Work instructions:
Please write out exactly the lines from the one with "Equally impressive are" through the end of the data below, both ends included, and omit any pictures.

Recorded data:
####################
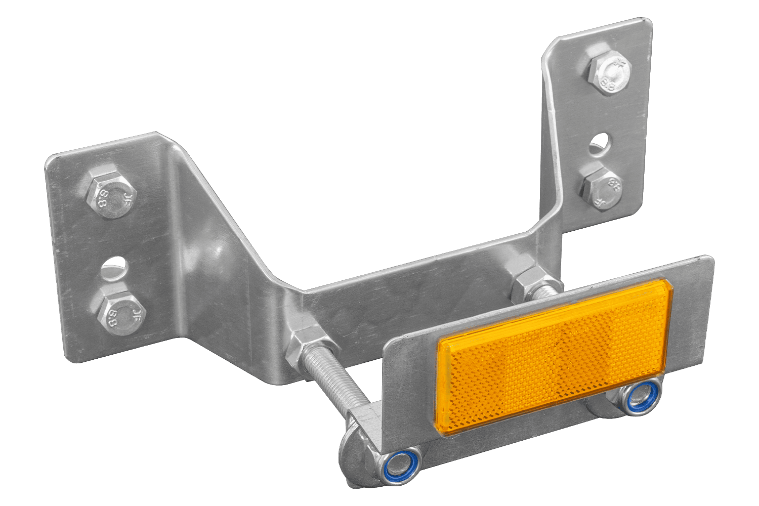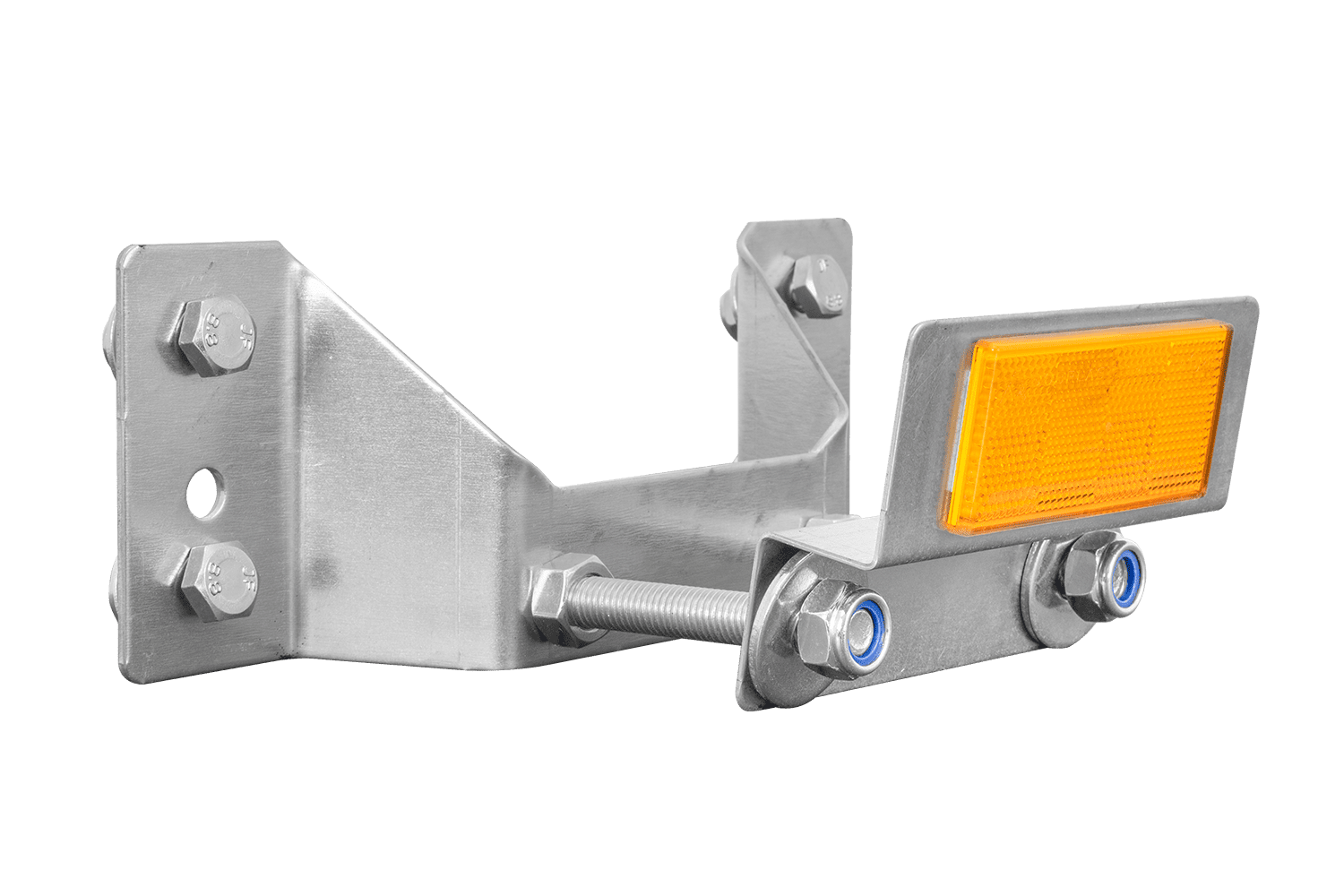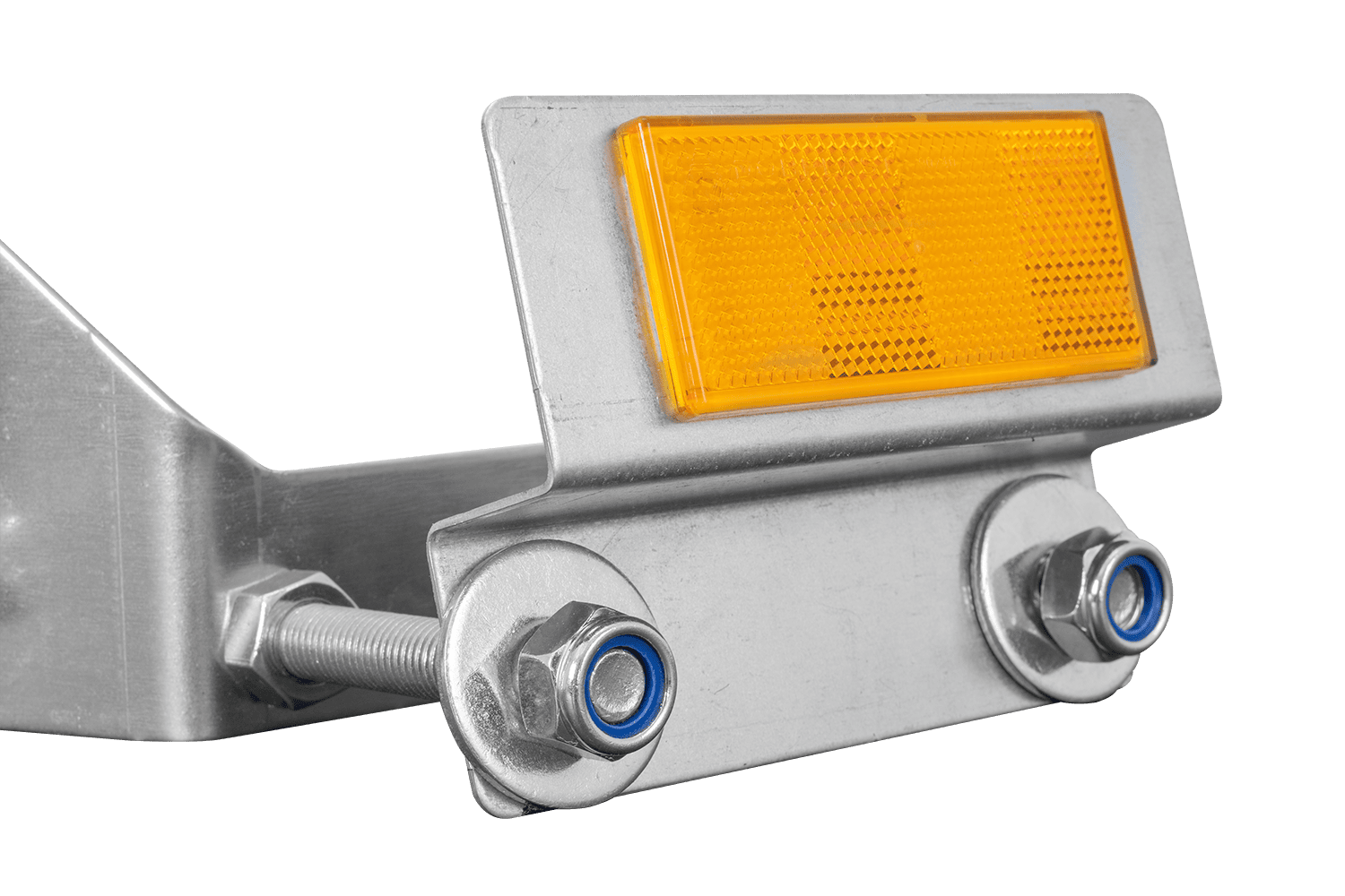 Takket være det enkle monteringssystemet sparer braketten plass i tilhengerens lasterom og gjør daglig bruk enklere. I tillegg er den utstyrt med en reflektor som forblir synlig selv etter at hjulet er montert, noe som øker trafikksikkerheten og oppfyller kravene til tilhengermerking.
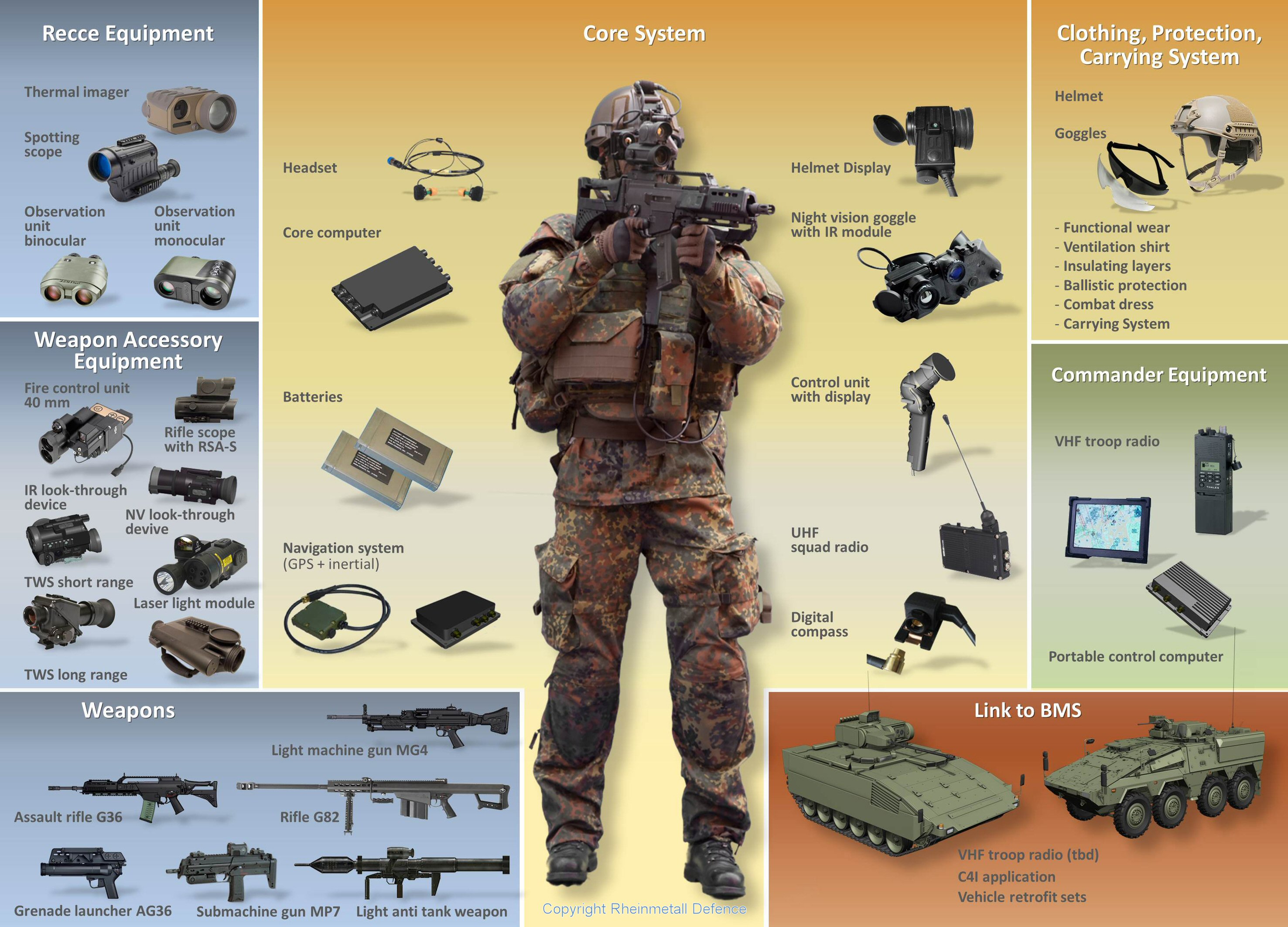 Equally impressive are the system's ergonomic features, especially with regard to weight reduction, miniaturization and improved integration of individual components. The modular battle dress uniform, body armour and harness system provide
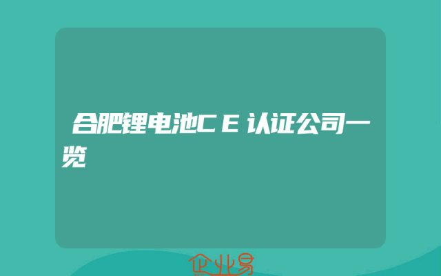 - 合肥锂电池CE认证公司一览一、引言随着锂电池市场的迅速发展,CE认证在锂电池产业中的地位愈发重要。合肥作为锂电池产业的重要基地之一,拥有众多专业的锂电池CE认证公司。本文将对这些公司进行一揽子介绍,帮助读者更好地了解合肥锂电池CE认证行业的
####################
Response for this exercise:
 Equally impressive are the system's ergonomic features, especially with regard to weight reduction, miniaturization and improved integration of individual components. The modular battle dress uniform, body armour and harness system provide
 - 合肥锂电池CE认证公司一览一、引言随着锂电池市场的迅速发展,CE认证在锂电池产业中的地位愈发重要。合肥作为锂电池产业的重要基地之一,拥有众多专业的锂电池CE认证公司。本文将对这些公司进行一揽子介绍,帮助读者更好地了解合肥锂电池CE认证行业的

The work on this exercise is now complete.